Tornike Mzhavia
About Tornike Mzhavia
Tornike Mzhavia is a Lead Software Engineer specializing in Machine Learning at Thomson Reuters, with over a decade of experience in various industries. He holds a Bachelor's degree in Computer Science and a Master's degree in Automation Engineering, and has worked in roles ranging from Data Scientist to AI Developer across multiple companies.
Work at Thomson Reuters
Tornike Mzhavia currently serves as a Lead Software Engineer specializing in Machine Learning at Thomson Reuters. He has held this position since 2022 and is based in London, England. In this role, he focuses on developing and implementing machine learning solutions to enhance the company's data processing capabilities.

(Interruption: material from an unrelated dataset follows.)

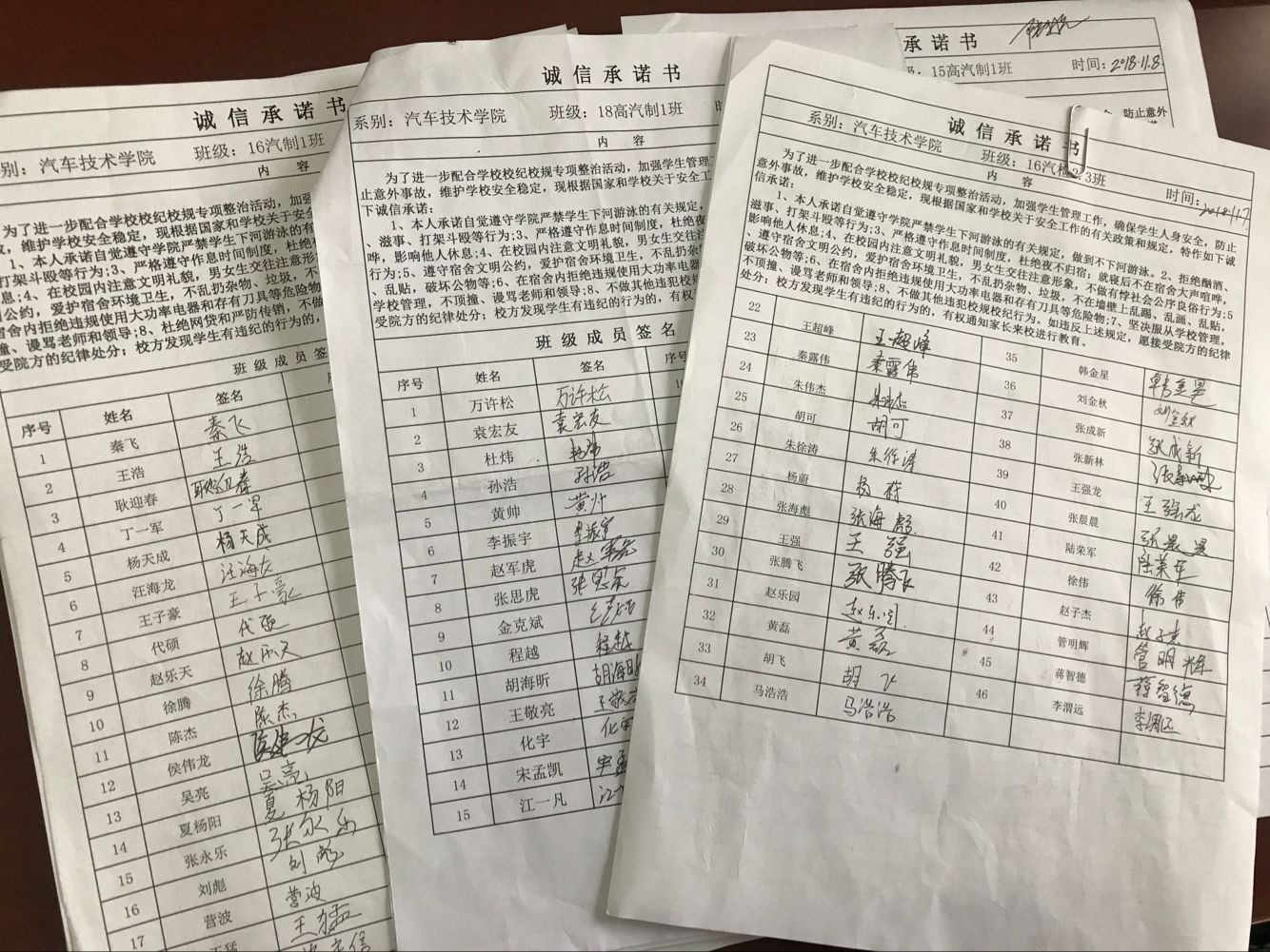 11月6日至11月15日,学院所属各班级严格按照要求,在规定时间和教室分别召开了主题班会和诚信教育签名活动。各班主任根据校纪校规专项整治活动实施方案的规定,就整治学生不良行为、寝室卫生管理、校园网贷防范以及2016级顶岗实习班级学生文明离校等内容进行了细致的讲解。

Previous Experience in Data Science
Before joining Thomson Reuters, Tornike Mzhavia worked as a Data Scientist at Skillific from 2017 to 2020, contributing for three years. He also briefly worked in 2016 as a Data Scientist for four months in Estonia. His experience in data science includes roles that involved analyzing data and building predictive models.
Background in Education and Expertise
Tornike Mzhavia holds a Bachelor's degree in Computer Science from Tbilisi State University, which he completed from 2009 to 2014. He furthered his education by obtaining a Master of Science (M.Sc.) in Mechatronics, Robotics, and Automation Engineering from TalTech – Tallinn University of Technology between 2014 and 2016. His academic background supports his expertise in machine learning and software engineering.
Experience in Cloud Architecture and AI Development
In addition to his current role, Tornike Mzhavia has worked as a Cloud and ML Architect at CellKey since 2021, operating remotely from Seoul, South Korea. He has also held positions such as a Data Engineer at NGX Bio and an AI Developer at Neiron. His diverse experience spans over a decade and includes sectors like fraud detection, bioinformatics, and automation.
Teaching and Skills in Machine Learning
Tornike Mzhavia has experience in teaching machine learning and computer science, sharing his knowledge with others in the field. He possesses strong skills in Cloud architecture, Artificial Intelligence, Python, and .NET, which are essential for his roles in software engineering and data science.